What kind of restrictions? How far do you want technology to regress as it advances? Should there be laws saying that certain types of machines shouldn't be invented, because they make things too convenient? That seems like the kind of thing that is a stop-gap measure at best, and ensures your society gets held behind everyone else's as technology continues to advance.
A stop gap, yes, but quite possibly a necessary one.

The point about others not implementing such restrictions and passing us by is not entirely unreasonable, but I think any country that allows its jobs to be automated away without taking some action to mitigate the damage is going to have much bigger problems than being left technologically behind if the numbers you're talking about play out.

In terms of what sort of restrictions, I'd have to be much more informed on both the technology and the economics to give a comprehensive answer, but ultimately, I'm talking about legal limits on using technology to replace unskilled labour, minimum.

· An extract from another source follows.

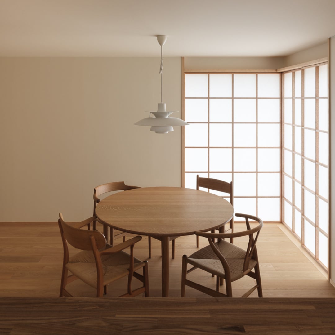 ナラ無垢材の素朴で落ち着いた風合いは、木や紙を大切にする日本の空間にもしっくり馴染みます。直線的で軽やかなフォルムは、和のミニマルな美しさとも相性が良く、モダンな和室ダイニングとしてもおすすめです。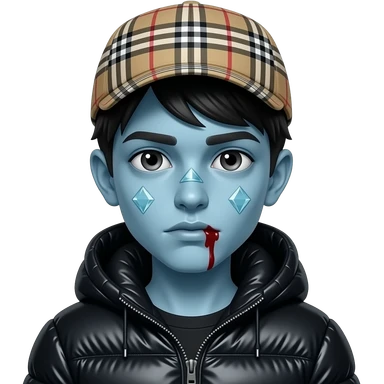 A teenage boy with light skin and diamond face, black short straight messy hair, straight natural eyebrows, dark hunter eyes, medium-big straight nose, soft jawline. Natural lips and smooth skin. Looking directly at the camera. Wearing a shiny black Moncler puffer jacket. emoji | AI Emoji Generator

Saying that a company can only automating a certain percentage of their workforce, perhaps.

Or, if not a hard and fast ban (which would likely have loopholes anyway), tax incentives to companies that keep a large human workforce.

Ultimately, though, I think it probably is a stopgap, while we try to implement Basic Income.

But you know, if we can find the political capital to punish immigrants for "taking our jobs", we should be able to find the political capital to restrict mindless, soulless machines for the same reason (and with greater justification).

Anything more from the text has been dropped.